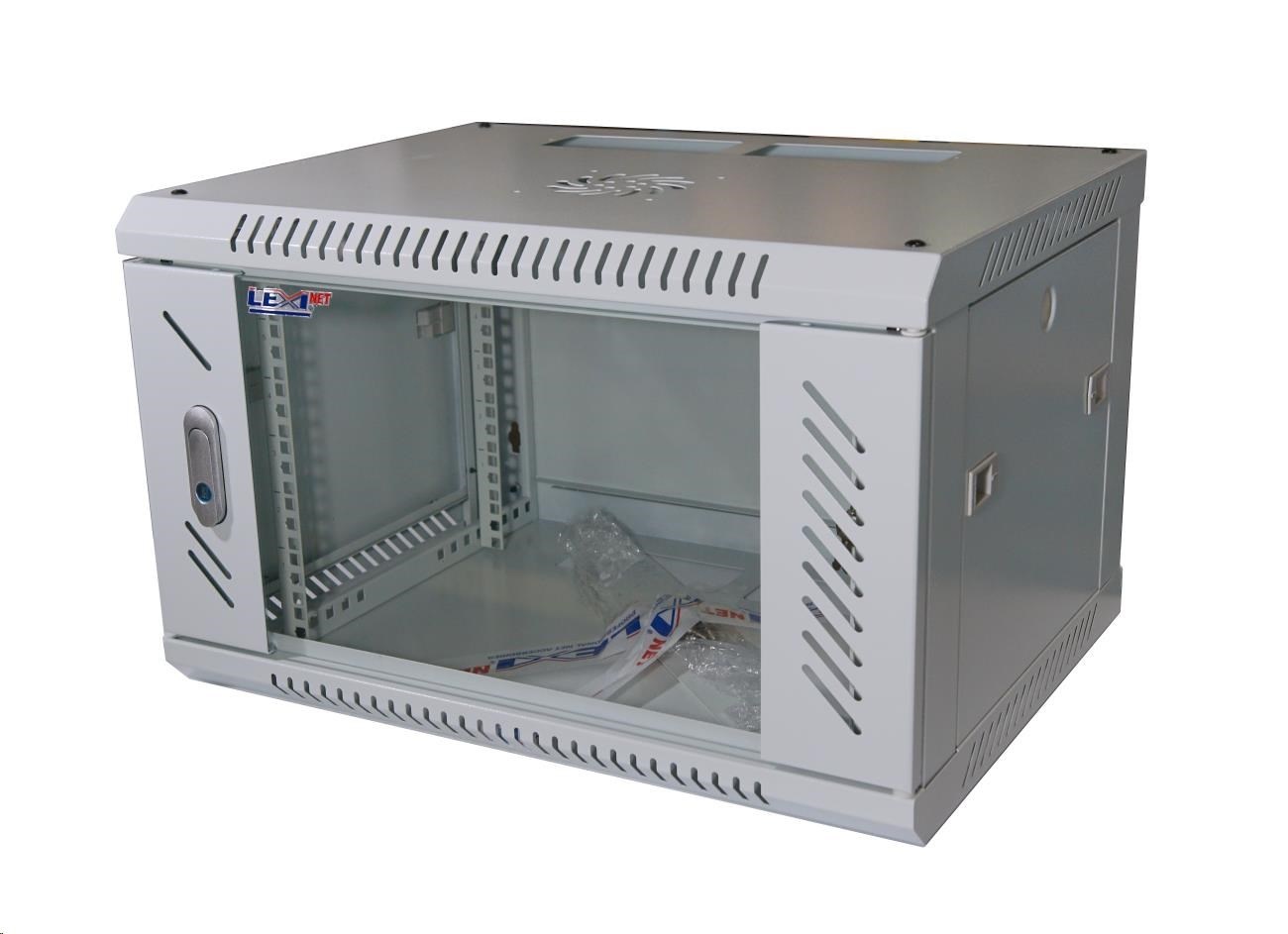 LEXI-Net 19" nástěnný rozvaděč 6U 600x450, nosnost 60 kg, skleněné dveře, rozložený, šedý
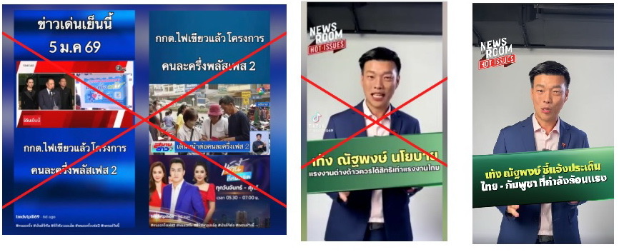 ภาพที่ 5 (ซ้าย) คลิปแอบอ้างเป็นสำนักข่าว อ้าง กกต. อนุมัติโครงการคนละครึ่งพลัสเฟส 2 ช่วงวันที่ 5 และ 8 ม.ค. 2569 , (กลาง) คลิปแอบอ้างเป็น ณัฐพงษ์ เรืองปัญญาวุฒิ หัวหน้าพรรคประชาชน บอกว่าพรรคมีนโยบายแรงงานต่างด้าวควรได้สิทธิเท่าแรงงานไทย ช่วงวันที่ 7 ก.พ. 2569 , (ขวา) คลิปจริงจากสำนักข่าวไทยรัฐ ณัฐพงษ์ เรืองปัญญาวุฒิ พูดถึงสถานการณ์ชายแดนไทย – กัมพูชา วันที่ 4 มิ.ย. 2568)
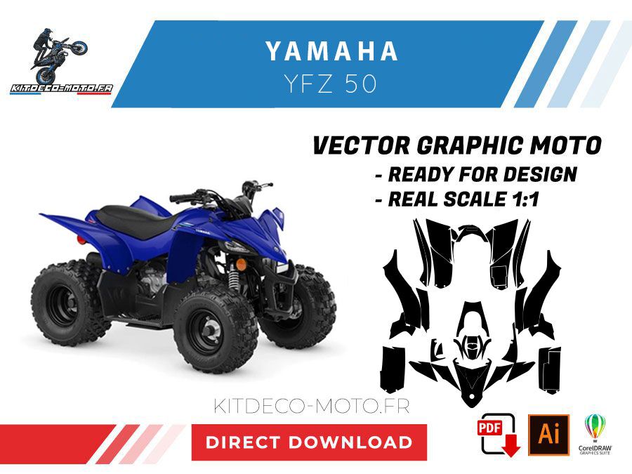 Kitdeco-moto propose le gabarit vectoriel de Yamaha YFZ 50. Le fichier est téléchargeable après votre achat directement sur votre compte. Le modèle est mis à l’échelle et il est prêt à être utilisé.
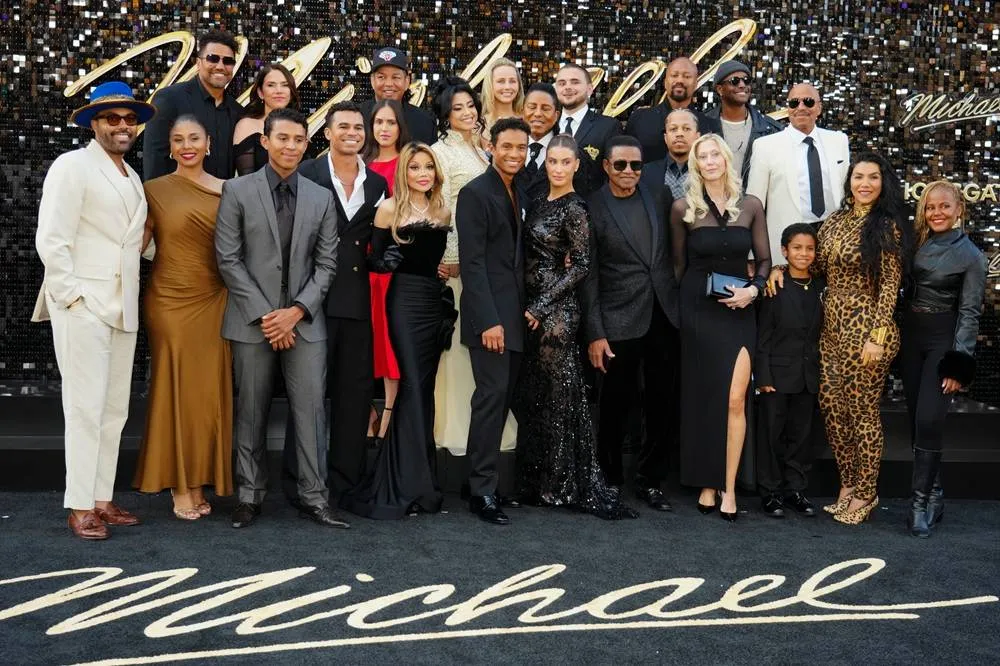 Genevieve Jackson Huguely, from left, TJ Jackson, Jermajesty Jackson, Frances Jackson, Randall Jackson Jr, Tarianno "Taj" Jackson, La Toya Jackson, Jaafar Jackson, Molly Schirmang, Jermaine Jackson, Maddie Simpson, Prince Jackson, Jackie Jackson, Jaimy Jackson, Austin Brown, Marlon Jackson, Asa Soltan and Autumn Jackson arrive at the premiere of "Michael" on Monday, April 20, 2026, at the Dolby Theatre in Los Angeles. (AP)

==

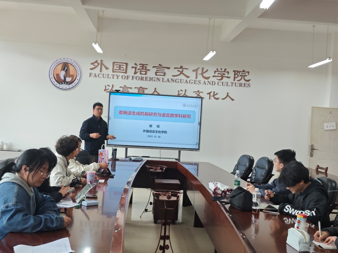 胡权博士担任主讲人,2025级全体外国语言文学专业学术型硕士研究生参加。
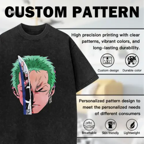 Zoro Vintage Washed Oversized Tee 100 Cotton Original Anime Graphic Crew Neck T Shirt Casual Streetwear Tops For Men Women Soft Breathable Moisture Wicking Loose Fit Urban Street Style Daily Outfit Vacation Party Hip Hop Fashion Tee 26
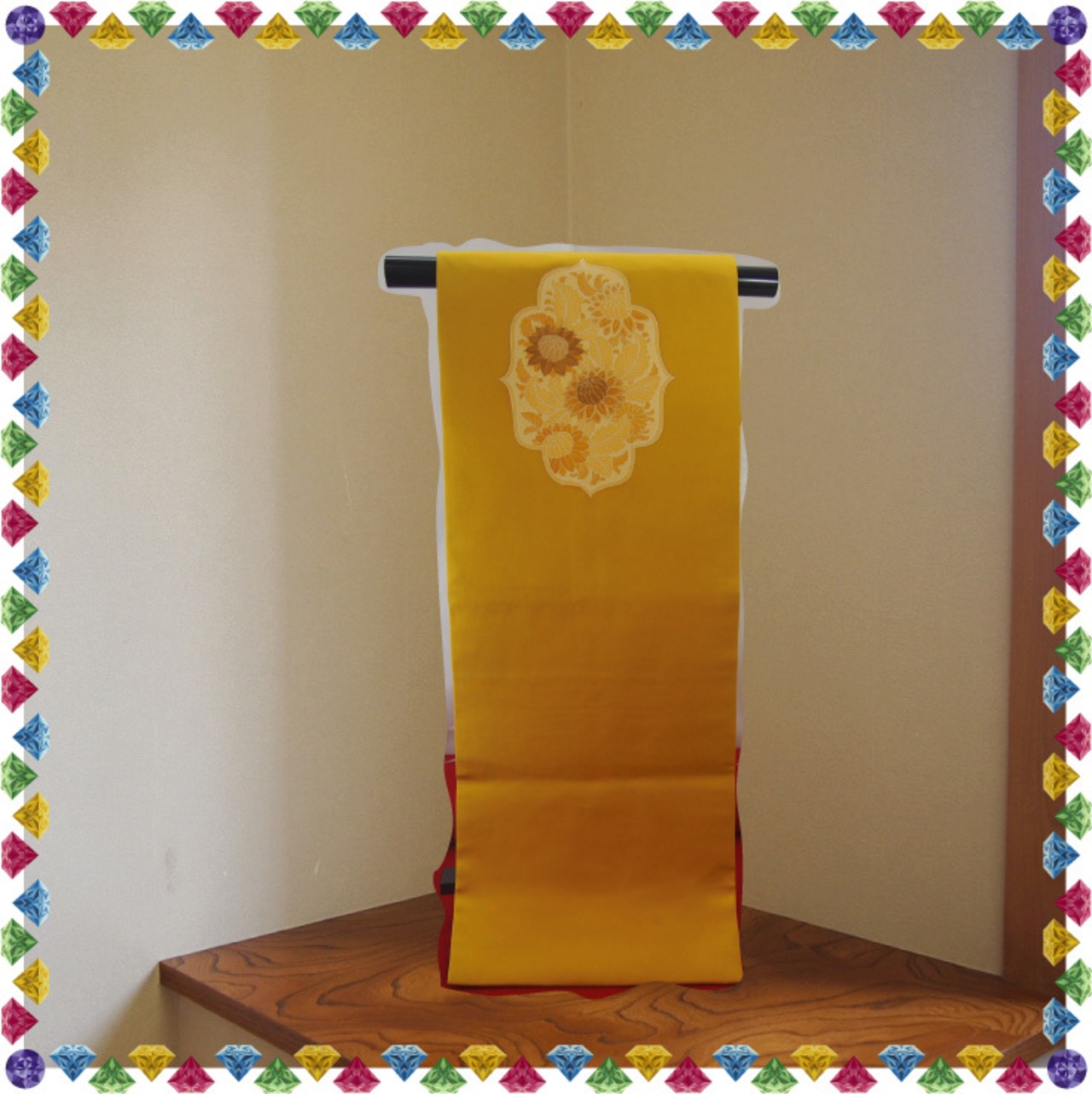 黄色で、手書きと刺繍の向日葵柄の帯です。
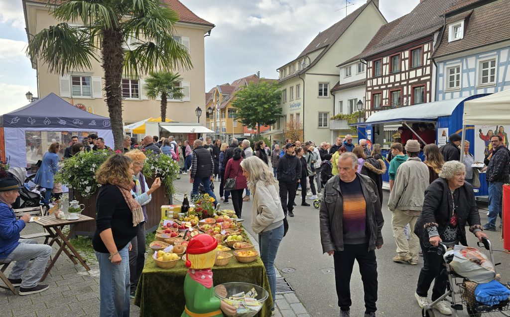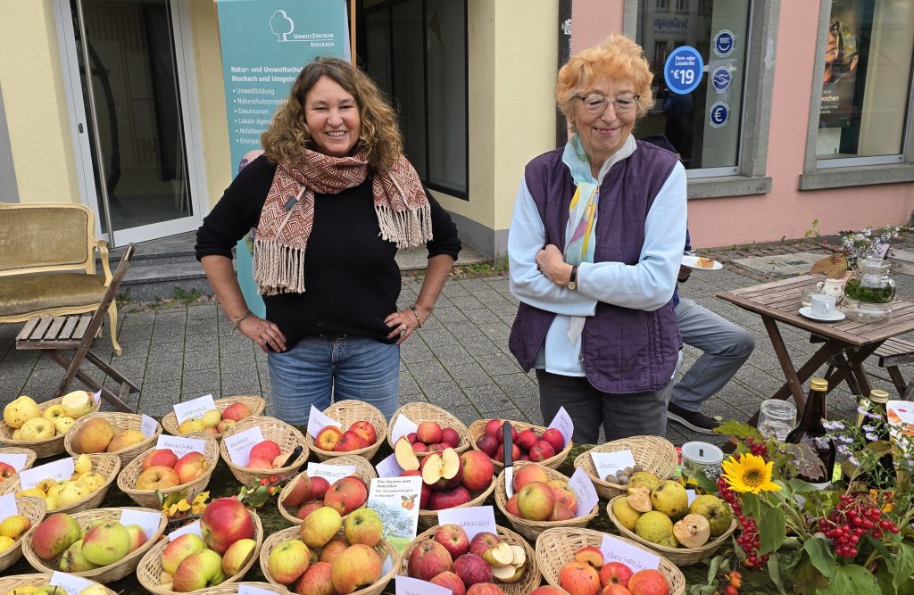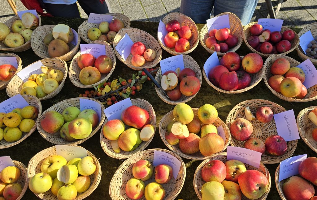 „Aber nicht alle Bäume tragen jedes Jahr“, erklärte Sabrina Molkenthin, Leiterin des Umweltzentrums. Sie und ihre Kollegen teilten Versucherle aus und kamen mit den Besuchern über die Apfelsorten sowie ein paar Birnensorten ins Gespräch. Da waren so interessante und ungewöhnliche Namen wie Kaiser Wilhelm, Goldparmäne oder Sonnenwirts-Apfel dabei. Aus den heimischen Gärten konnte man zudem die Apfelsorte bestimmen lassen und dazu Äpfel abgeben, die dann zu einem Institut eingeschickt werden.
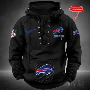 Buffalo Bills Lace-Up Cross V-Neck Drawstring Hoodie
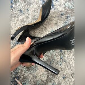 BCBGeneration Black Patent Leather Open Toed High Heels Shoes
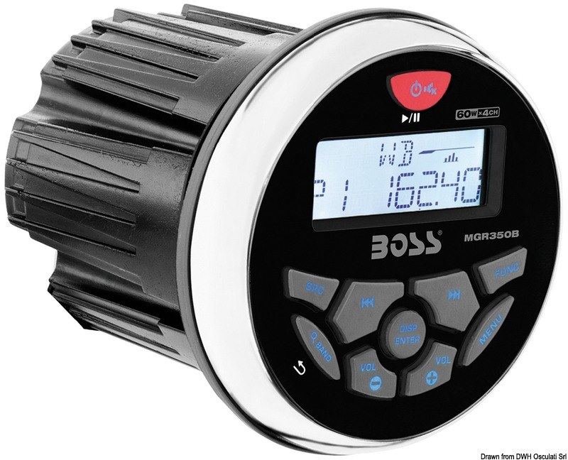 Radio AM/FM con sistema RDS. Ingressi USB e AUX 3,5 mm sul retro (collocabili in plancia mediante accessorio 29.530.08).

**WHAT THIS TASK INVOLVES**
The material above holds pictures; leave them out. Repeat exactly the lines from the one containing "Zoro Vintage Washed" through the one containing "黄色で、手書きと刺繍の向日葵柄の帯です。", and nothing else.

**COMPLETED TASK**
 Zoro Vintage Washed Oversized Tee 100 Cotton Original Anime Graphic Crew Neck T Shirt Casual Streetwear Tops For Men Women Soft Breathable Moisture Wicking Loose Fit Urban Street Style Daily Outfit Vacation Party Hip Hop Fashion Tee 26
 黄色で、手書きと刺繍の向日葵柄の帯です。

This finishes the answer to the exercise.